Undertow

new works by James Robinson

James Robinson
25 May to 2 July 2016

Preview: Sunday 22 May 4pm

James Robinson returns with powerful new paintings, some 12 years in the making, in his distinctive manner, creating order of the chaos of the world. His work challenges the viewer to confront issues of social conscience, political apathy, global sustainability, but with an uplift of hope - above all, to hold true to the soul. See his artist's statement below...

Artist’s Statement – Undertow

My feeling is it refers to the psycho-emotional boundary dissolution of working in an expressionist way … in an existential, imaginative territory.

As a receptor of the world I filter information … I process energy currents of the whole, specifically of our epoch (its temporary by design) … its systemic abuses.

Shadow work (Non theatre) … and internal processing is not common in art now … but i can only relay what I actually perceive to be going on.

And i admit i am blind (philosophically) … limited and quite incapable of envisioning a true totality of cosmic and Gaian significance … but i know it’s there.

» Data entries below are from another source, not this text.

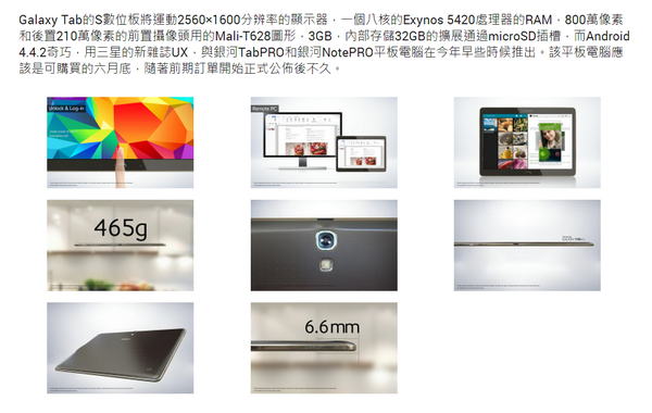 Samsung 新平板Tab s(高解析 , 超輕薄 , 有10.5"跟8.4")
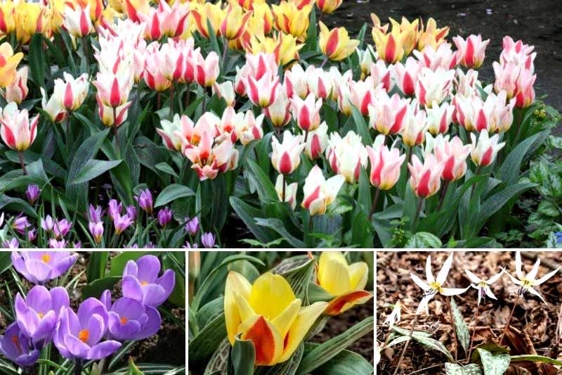 Associez la belle palette de tons rouges, rose, jaune et blanc rosé de 'Mary Ann' au violet profond des Crocus Mammouth 'Remembrance' et au rouge bordé de jaune vif de la Tulipe greigii 'Mélodie d'amour', sur fond d'Erythronium dens canis 'Snowflake'. Ces dernières produisent en mars-avril de délicates fleurs recourbés blanches sur un tapis de feuilles marbrées de pourpre et de brun.
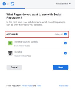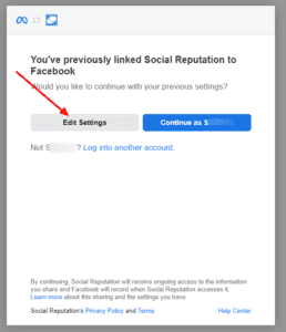 There will be an additional step as you follow the steps in Section 4. After selecting + and logging in to Facebook you will be prompted with a screen that says “You have previously linked Social Reputation to Facebook.”
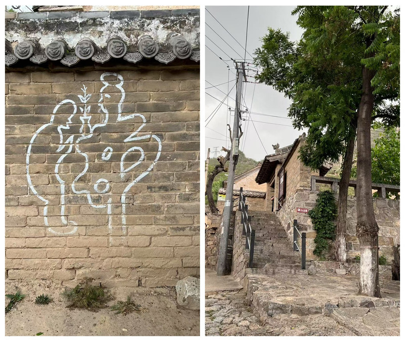 此时天阴了下来。我们看到有个小庙,走近才知道是药王庙,大门锁着。此庙创建年代不详,现存建筑为清代遗构。中轴线由南向北依次为影壁、山门、正殿,两侧为东、西厢房。该庙保存较好,布局完整。
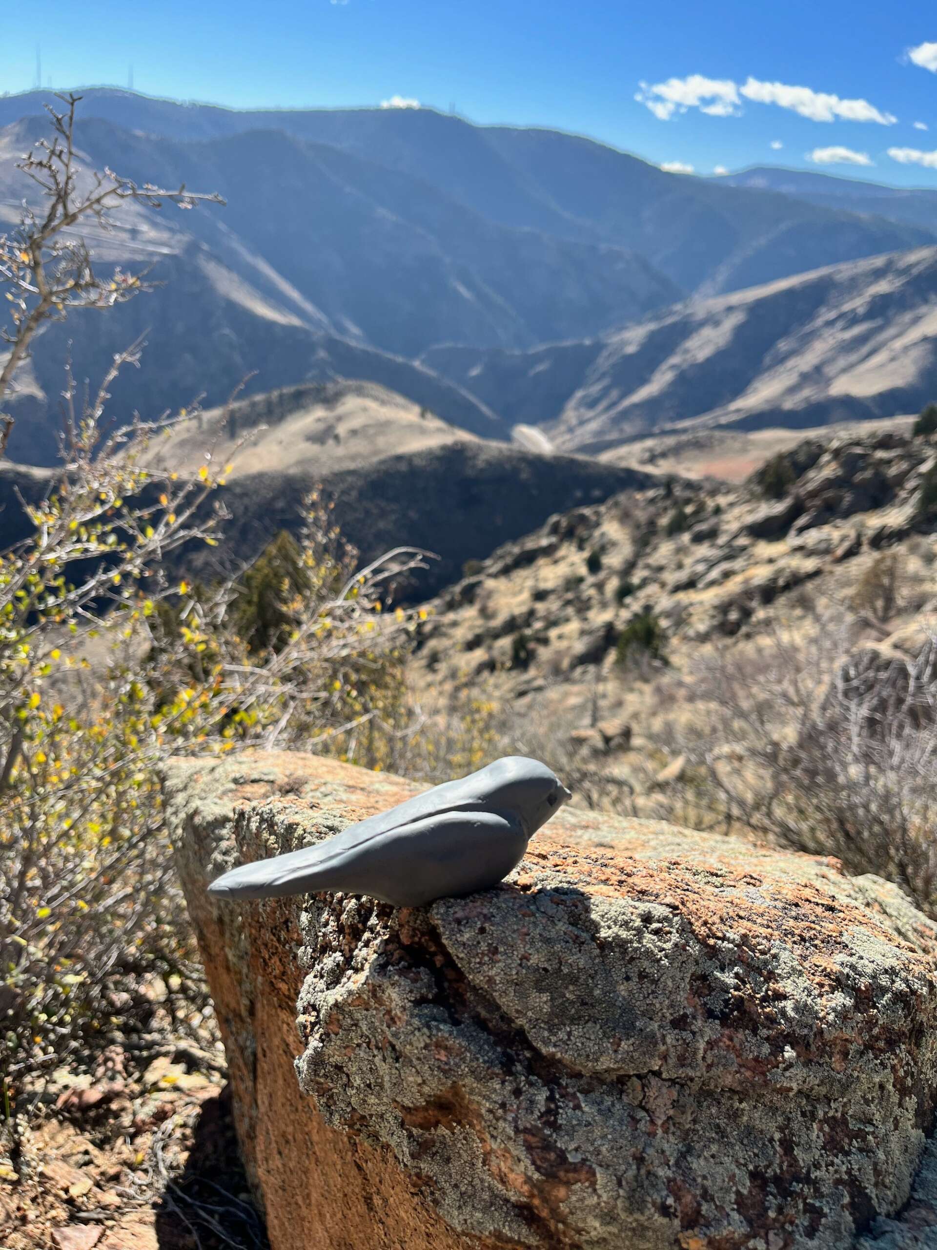 I have made thousands of birds in my past three decades as an artist, I have sold them and given them away as gifts. These birds were different These birds contained my sorrow and my grief. These were birds I needed to release. So I decided to take them on my hikes and place them out in nature. knowing that the clay would slowly disintegrate and go back to the earth from which it came.

What motivates me as a painter is THE WORK – the Making!
Transduction of innate energy unconsciousness … ancestral self;
to make seen the unseen – this process is discomforting for me as it
rightly is profound.

I feel morally accountable in some way for the iniquities of our generation …
the apathy and helplessness, as we plunder and degrade our biosphere,
our cultures, and the enslavement of all people under a criminal globalism, a debt system of exploitation controlled by a war economy.

Therefore my work is personal, and social; the expression of a
legitimate anxiety.

And New Zealand used to have a moral backbone (or is this just another myth I absorbed growing up here?). Perhaps the embryonic future will read our vain
scribblings in the sand of luxury’s dust and ponder our ineptitude to effect any
change..

I can only work on my self, out loud … desperately …
so be it.

it’s my job to share it … because art must remind us, we have a Soul.